Section 624.155 allows for punitive damages in certain insurance bad faith cases. The court now holds that before a claim for punitive damages may be pled, the plaintiff must comply with 768.72, requiring a proffer of evidence justifying punitive damages. See also Key West Convalescent Center v. Doherty, 619 So.2d 367 (Fla. 3d DCA 1993) (same requirement as to claims under the nursing home statute).
Under Slavin v. Kay, 108 So.2d 462 (Fla. 1958), if a defect in construction is patent, the owner is on notice and the contractor is not liable for it after turning over the project to the owner. But if the defect is latent, the contractor remains liable. Here, the defect in construction resulted in a large, deep puddle of water. Although the puddle itself was obvious, the depth, which made the condition dangerous, was not obvious. Consequently, the contractor could still be held liable. In a concurring opinion, Judge Klein suggests that it is time to overrule Slavin, now that joint and several liability has been abolished. Let the jury decide how much fault belongs to the contractor and how much to the owner, instead of a bright line test. After Godales, I wonder if Slavin will still be the law.
The court extends sovereign immunity to physician consultants who contract with HRS Children's Medical Services to provide care at a health clinic. Even though the doctors were independent contractors, they were the agents of the state for purposes of providing health care at the clinic because of the degree of control the clinic exercised over their actions.

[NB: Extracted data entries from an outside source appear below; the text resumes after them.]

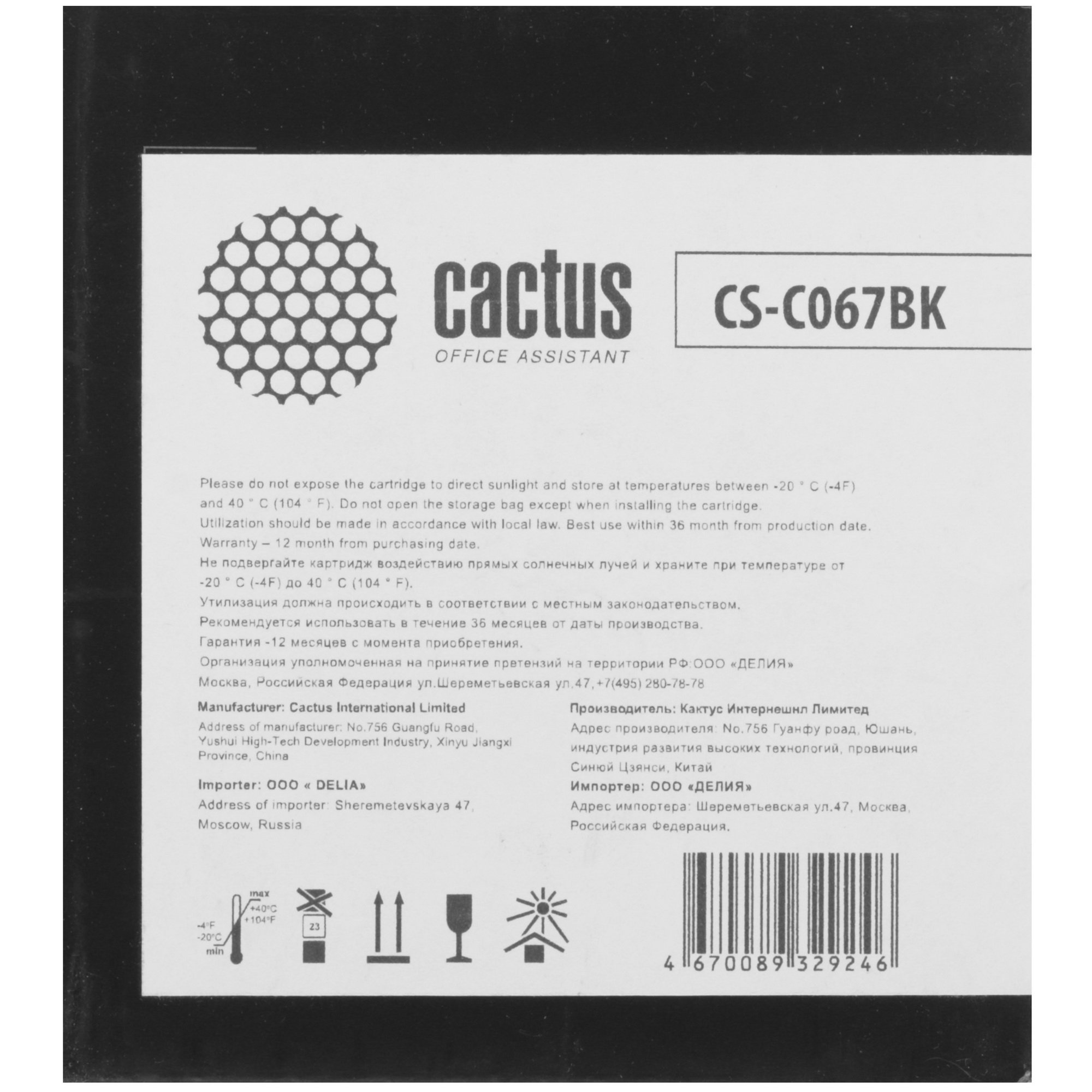 Cactus CS-C067BK ‒ сменный блок для лазерного принтера, заправленный черным тонером. Две его части скреплены штифтами. В одной из них находится магнитный вал, контейнер с тонером и дозирующее лезвие. Вторая часть включает в себя емкость для отработанного порошка, фотобарабан и другие элементы для переноса красителя на бумагу. Картридж оснащен микрочипом, который хранит информацию о нем. При исчерпании ресурса чип блокирует печать.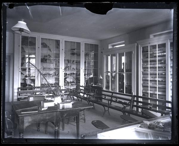 Glass negative showing the museum at Westtown Boarding School, a room with display cases lining the walls. Benches and a desk holding various books occupy the center of the room. Westtown Boarding School, a coeducational Quaker boarding school, opened in 1799. The first building on the campus was designed by David Evans, a Quaker architect. Later buildings included Industrial Hall, built in 1869, and the new main building, built in 1888 after designs by Quaker Addison Hutton (1834-1916). The first diploma was awarded in 1862.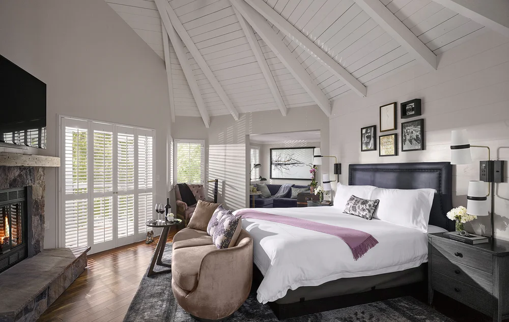 Guest rooms are light, fresh and welcoming with the beds and wood-burning fireplaces as the focal points of the room. A white clapboard headboard wall and rich velvet seating provide unique textural elements.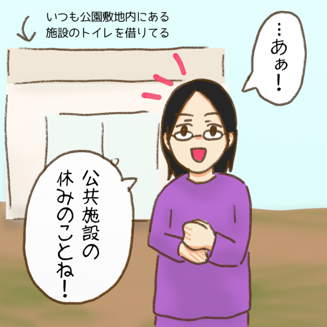 あぁ~!公共施設が休みでトイレに入れるかどうかって事か!(理解)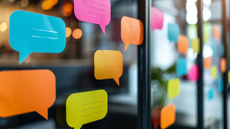Assorted colorful speech bubble sticky notes arranged on a glass surface, symbolizing communication and ideas.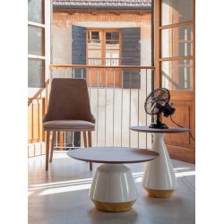 Amira es una mesa de centro con base de cerámica y tapa redonda de madera contrachapada (dimensiones Ø x H: 61 x 36 cm).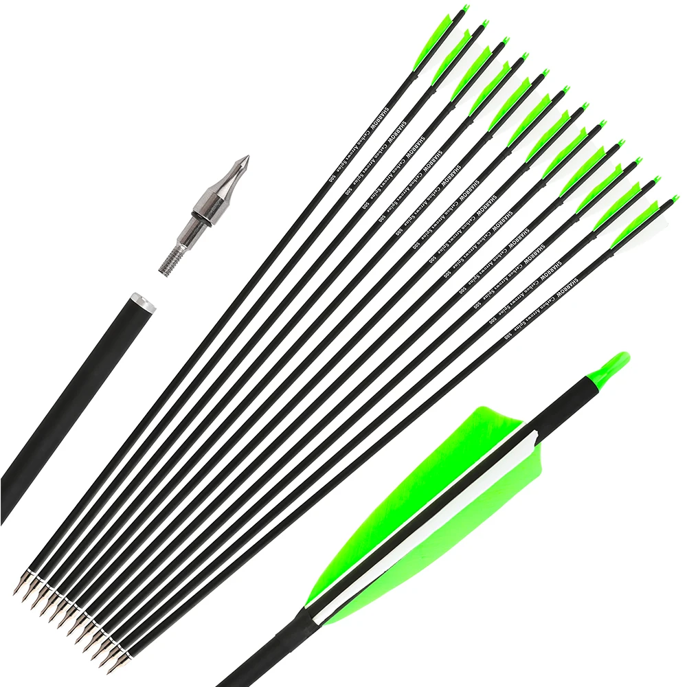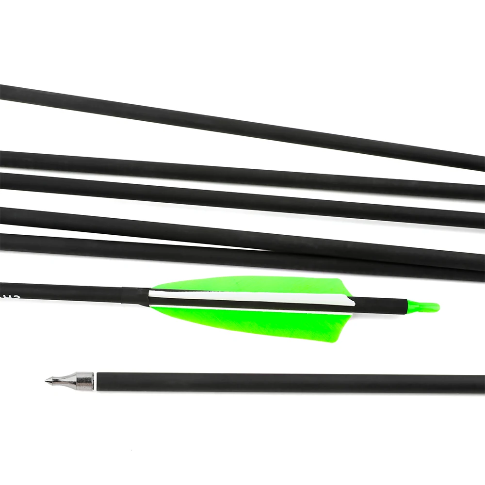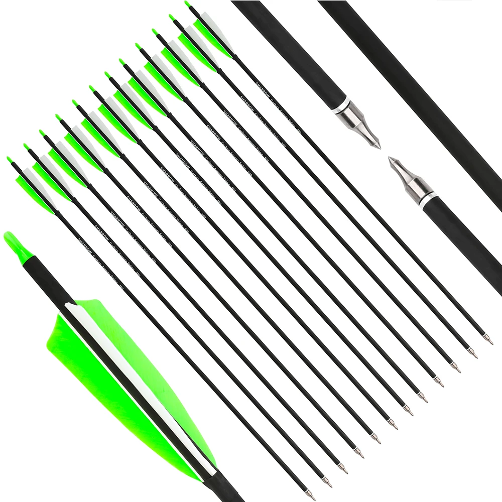 2.Configuración de material premium: utiliza ejes híbridos de carbono combinados con plumas naturales de 4 pulgadas y puntas de flecha de 100 granos, resistencia de equilibrio, construcción liviana y rendimiento aerodinámico.
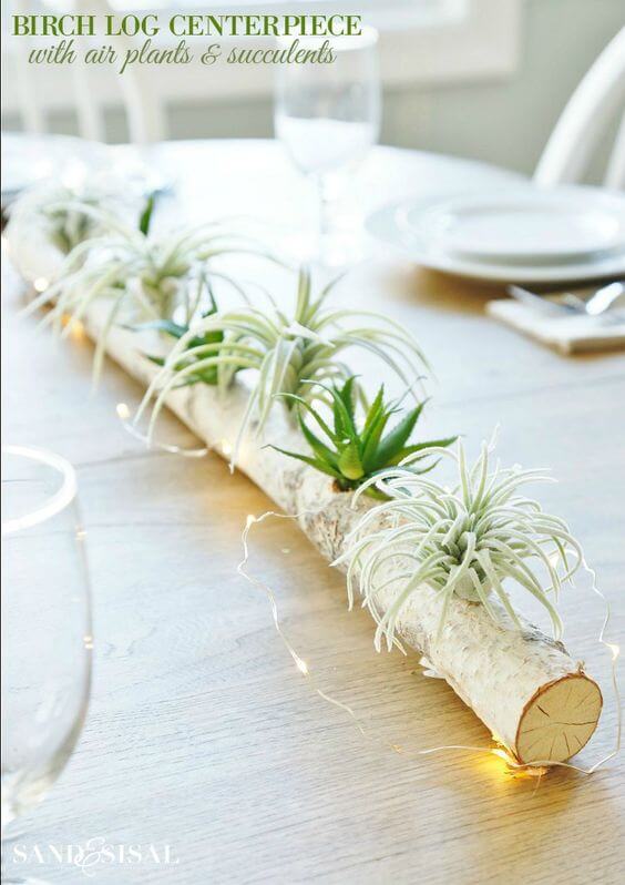 #8 Birch Log Centerpiece with Air Plants and Succulents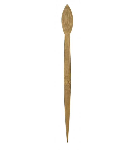 Long, slender bamboo cocktail spoon. Its pointed end can be used as a pick, to easily pick up fruit from the bottom of a glass, for example.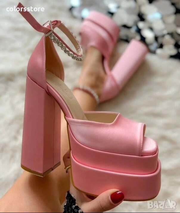 Сандали на ток - розов сатен - VS2 → Обява 41159483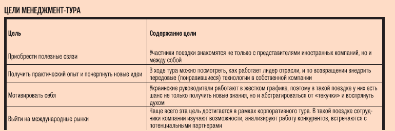 На данный момент в Украине работает не более трех‑четырех компаний, предлагающих отправиться в менеджмент-туры. Одни игроки специализируются на проведении таких поездок, другие позиционируют их как дополнительное направление. При этом в одной из туристических компаний, декларирующих возможность отправиться в различные менеджмент-туры, в частности по банкам Швейцарии, «Капиталу» ответили, что еще ни разу никуда никого не отправили.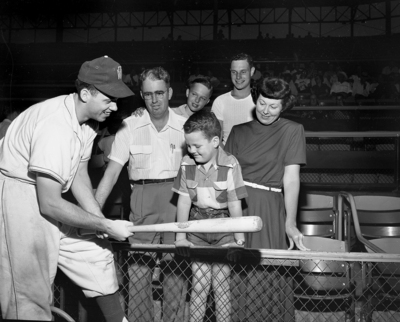 "Family Night" at La Grave Field brings out the whole family - Mr. and Mrs. A. Z. Parks look on as Bill Hunter demonstrates a bat grip for their son, Alton Z., Jr. Behind are Mike Williams, the younger and his brother, Bob. Published in Fort Worth Star-Telegram morning edition June 24, 1951.

It required them to abide by policies and rules in HRS's Manual; all services had to be authorized in advance by the clinic medical director; the Manual gave HRS the power to supervise treatment; the Medical Director had the power to overrule a recommended treatment for either medical or budgetary reasons and had ultimate authority over payment for treatment proposed by the consultants.
If there's a silver lining here, it's the potential for applying the court's reasoning to HMOs. There's a good argument for making the "independent contractor" doctor an agent of the HMO when the HMO vetoes a proposed treatment. The court appears to be acknowledging the reality of that kind of economic power over medical decisions
Clarifying Fla. R. App. P. 9.130(a)(3)(C)(vi), the court holds that not all orders on worker's comp immunity are reviewable by interlocutory appeal. Only those orders which specifically state that, as a matter of law, the defendant is not entitled to worker's comp immunity, are appealable non-final orders. Those of us who have faced successive appeals on denials of motions to dismiss and denials of summary judgment are grateful for this clarification.